In sickness and health?

By JANICE TIBBETTS -- The Canadian Press

 OTTAWA (CP) -- When Frank and Sharon Bracklow tied the knot they never suspected their
vow to support each other "in sickness and in health" would end up in the Supreme Court of
Canada.

 The legal battle, which is being heard today, is widely viewed by lawyers and academics as a
ground-breaking test of the meaning of shorter marriages of this generation and what a healthy
spouse owes a sick one when a union collapses.

 "When you say 'I do,' does it really mean that, legally, forever?" asked lawyer Carol Hickman,
who is defending Frank Bracklow in his fight against a challenge from his disabled ex-wife for
long-term monthly support.

 The court is being asked to rule on whether a sick or disabled spouse is entitled to indefinite
financial support based on need if the disability is not a result of the collapse of the marriage.

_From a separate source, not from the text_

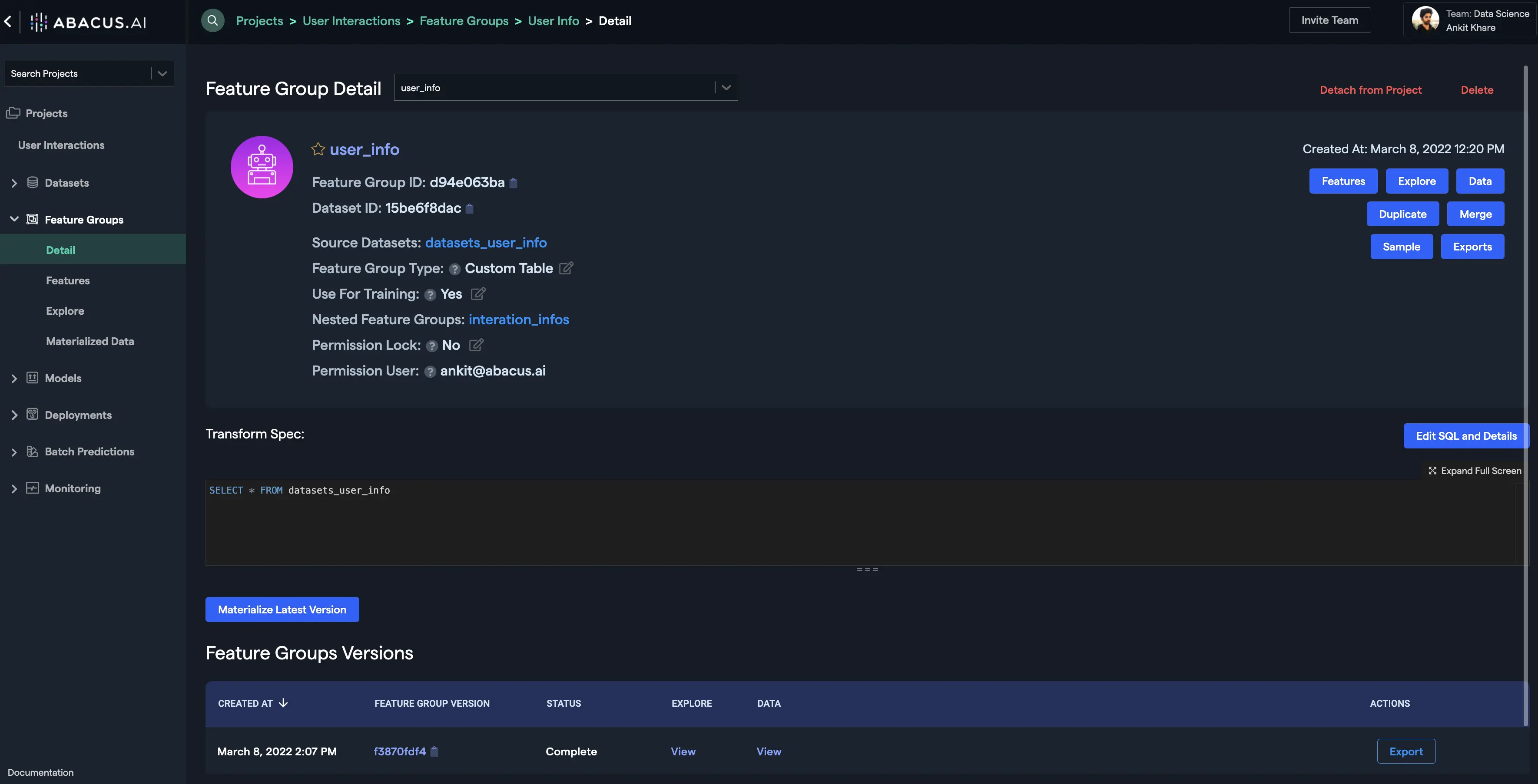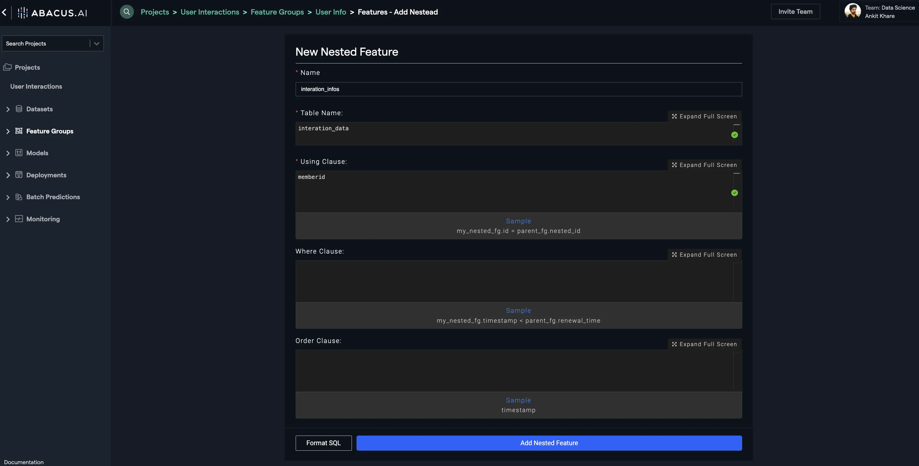 The first step is to click on the "Feature Groups" tab at the left navigation and select the "Features" sub-tab. Make sure that you have selected the user_info feature group at the top. Next, Click on the "Add Nested Feature" button. Enter the name of the feature group, the table to be referenced for creating the nested feature group (interaction_data for the current example), and the column/feature to be used under "Using Clause" as shown below: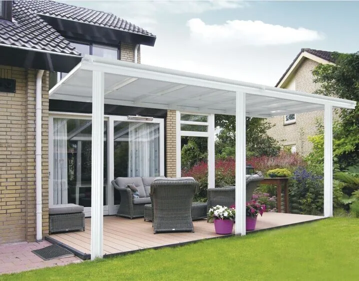 Эти стильные конструкции обычно имеют встроенные водосточные желоба и дополнительные приспособления для заполнения боковых и передних сторон по мере необходимости. Такие предметы, как вертикальные жалюзи, экраны на молнии, раздвижные стеклянные двери и т. д., если вы хотите закрыть некоторые или все стороны и переднюю часть.

 Both sides come before the judges armed with plenty of conflicting lower-court decisions.

 "It will be nice to have some guidance from the Supreme Court because different provinces are
doing different things," said Barbara Young, lawyer for Sharon Bracklow.

 "I think there are a huge number of spouses who aren't being adequately supported and they're
not able to support themselves because of disability."

 The Bracklows, a B.C. couple, started living together in 1985 and married in late 1989. They
had no children together, although her two children from a previous marriage lived with the
couple. They separated three years later and divorced in 1995.

 He's a mechanic and was the main breadwinner during the marriage. She was a self-supporting
key-punch operator and accountant before mental and physical problems forced her to abandon
her career for periods of unemployment and odd jobs such as delivering pizza. At one point, she
had a migraine headache that lasted seven months.

 Frank Bracklow has remarried and his wife has a job.

 Sharon Bracklow, who suffers from a mood disorder, an obsessive-compulsive disorder and
an immune system disorder, is unlikely to work again. She lives in subsidized housing and
receives disability benefits of $787 a month since a court allowed her ex-husband to stop sending
her monthly cheques of $400 three years ago.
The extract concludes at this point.